The euro today was buffeted by a deluge of negative news headlines that soured investor sentiment towards the single currency and other riskier currencies. The news headlines included China’s denial of any progress in the trade war talks as well as the Italian budget standoff, which contributed to the EUR/USD currency pair’s massive decline.
The EUR/USD currency pair today fell from a high of 1.1344 to a 2-week low of 1.1290 and was on a downtrend at the time of writing.
The currency pair opened today’s session in a tight consolidation range before heading lower due to the uncertainty relating to Brexit negotiations despite the recent progress.
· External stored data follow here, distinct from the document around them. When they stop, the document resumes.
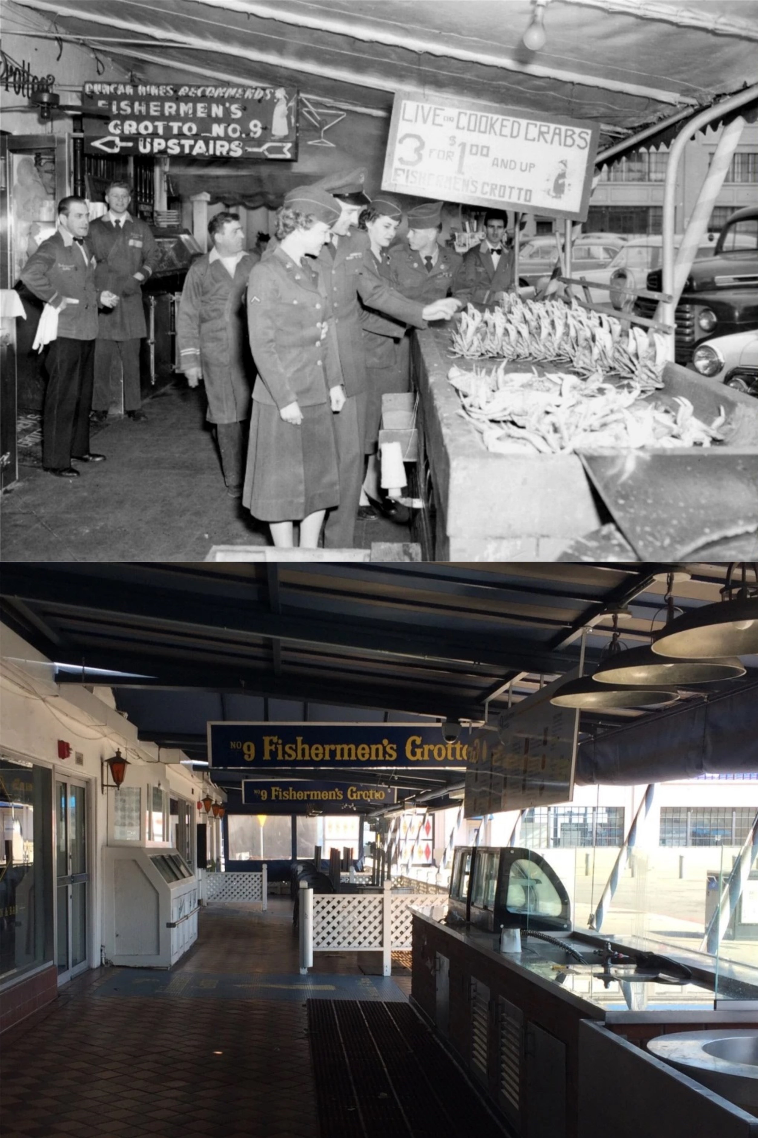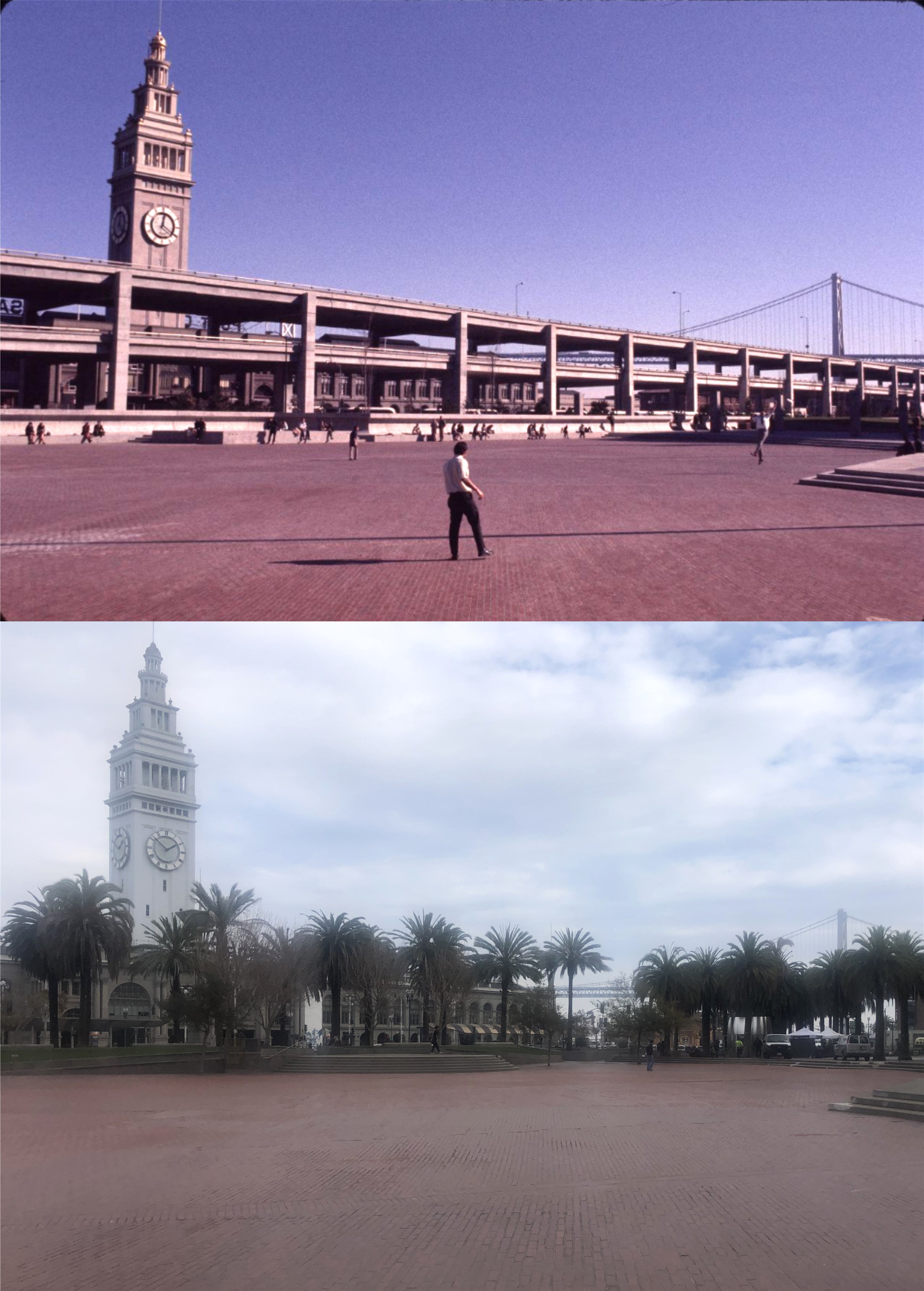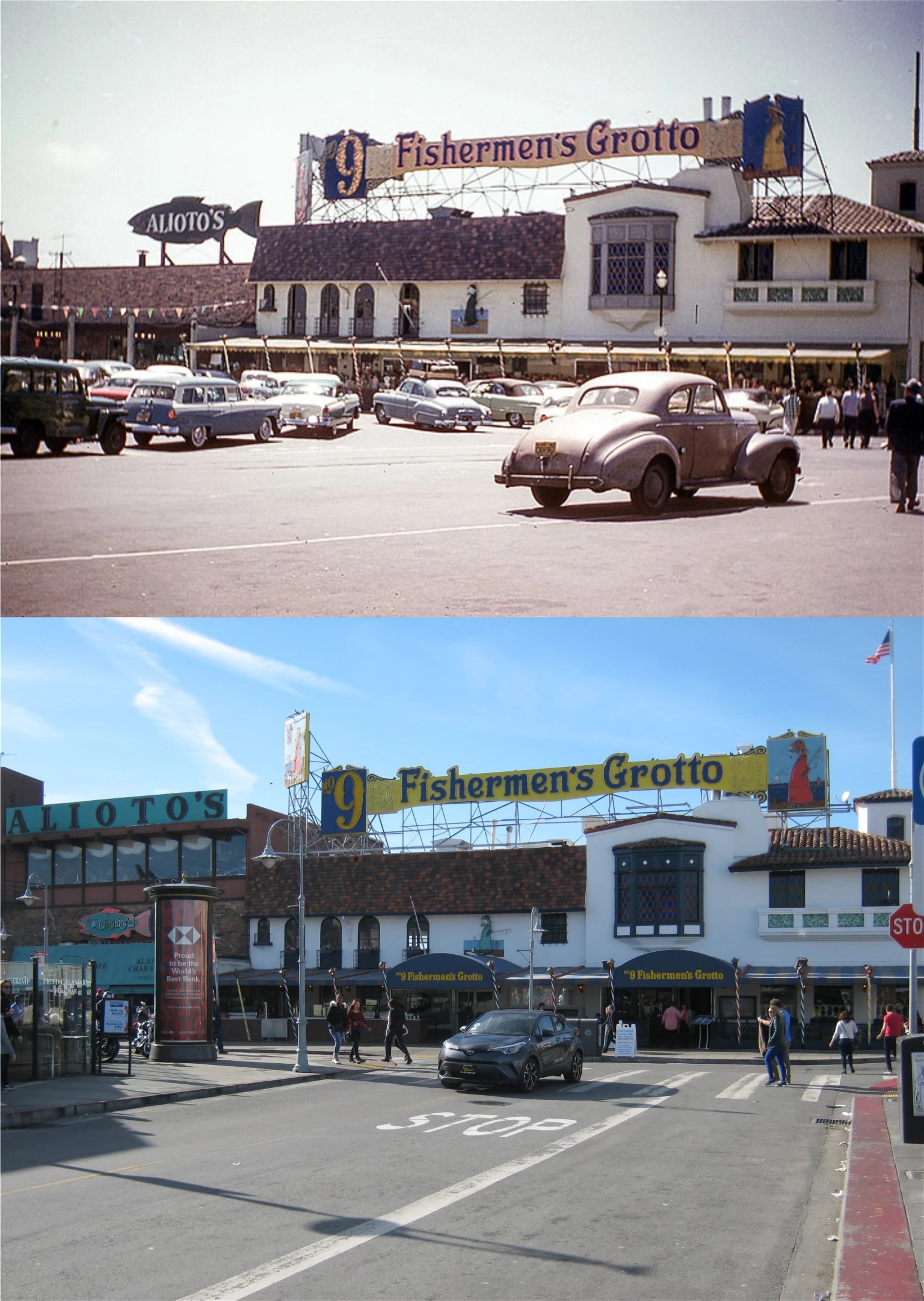 I first learned about the book ‘San Francisco, Portrait of a City’ by Taschen Publishers last spring. It looked promising, but at $75.00, it seemed a little pricey, so I thought I’d wait awhile to see if I could buy a cheaper copy later. The price didn’t come down much by year’s end, but I did find a copy for sale at $55.00 in December on the internet. Here’s the first thing I’ll say about the book; it’s probably the heaviest book I’ve ever tried to read. At nearly ten pounds, if you were to drop it on your foot, you could possibly become crippled for life. The reason for this is that for each chapter, the text is printed in English, German, and French, separately. This makes the already oversized book weight three times as much as it normally would. The pictures aren’t repeated though, so for each chapter, the picture descriptions in the book appear in all three languages. That being said, if you can find a good desk or drafting table to prop it up to, the book is well worth browsing through. Mainly, this is because of the terrific vintage pictures throughout the book; some of which I’ve cover in the past from different sources, but many that I’ve never seen before. The cover picture here is at the Grant Avenue at Bush Street entrance to Chinatown during the 1950s. My update on the right is from June, 2022. (Thumbnail images)
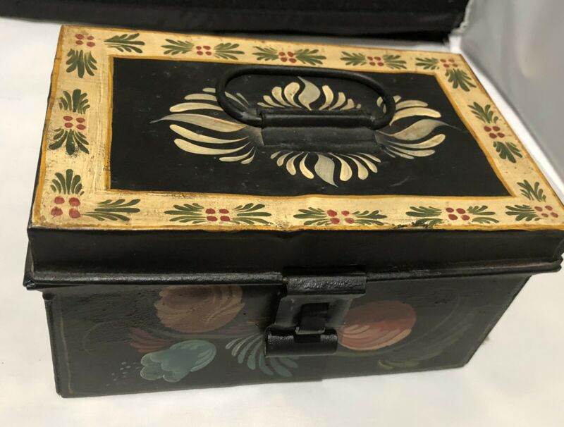 Antique Tin Tole Box. Handpainted. 8x5x4.25
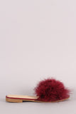 This sandal features a wide band across vamp with soft faux fur accent, open toe silhouette, and lightly cushioned insole for comfort.
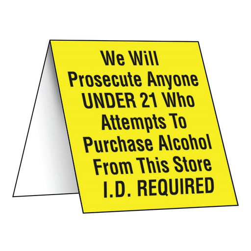 Sign says, "We Will Prosecute Anyone UNDER 21 Who Attempts To Purchase Alcohol From This Store I.D. REQUIRED"Message printed on both sides2 sided A...
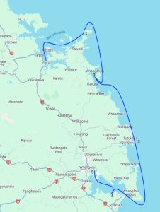 First task was to travel the 80-ish miles along the New Zealand coast line, which lacked a whole lot of safe anchorages along the way. Surely, we could have done it as one long sail – taking about 14 hours total – but we chose to break it up into a few more manageable chunks. Step 1 was just to get back out to Deepwater Cove (1) to stage ourselves for the following day’s milder sea state to venture out into the ocean itself. After a good night of rest, we set off – escorted by dolphins – and rounded Cape Bret and the famous “hole in the rock”. A fair wind carried south for six hours where we once again dropped anchor and overnighted at Whangaruru (2). Another day of good winds and ix hours of sailing brought us down to Tutukaka (3). Along the way we were among a few other boats making the same trek, either North or South. It was practically an Interstate Highway passing by so many other sailboats, but it did provide a little bit of excitement in an otherwise boring sail. With weather beginning to threaten another big blow by the afternoon of day four, we woke very early to knock out the last six hour sail to Marsdon Marina (4).

The pair was further weighed down by the standoff between Italy and the European Union regarding its budget despite the Italian government’s willingness to reduce its budget deficit. According to Italy’s Prime Minister Giuseppe Conte, budget discussions will begin on December 3. The pair plunged lower after news headlines emerged that China’s government was denying reports that any progress was made in the US-China trade talks, which dampened investors’ risk sentiment.
During the American session, President Donald Trump announced new tariffs on German cars, which eroded some of the gains made by the pair and drove its lower. This news report further soured investor sentiment towards riskier currencies, especially the euro.
The currency pair’s future performance is likely to be affected by geopolitical events and tomorrow’s US GDP data.
The EUR/USD currency pair was trading at 1.1291 as at 16:26 GMT having fallen from a high of 1.1344. The EUR/JPY currency pair was trading at 128.44 having dropped from a high of 128.85.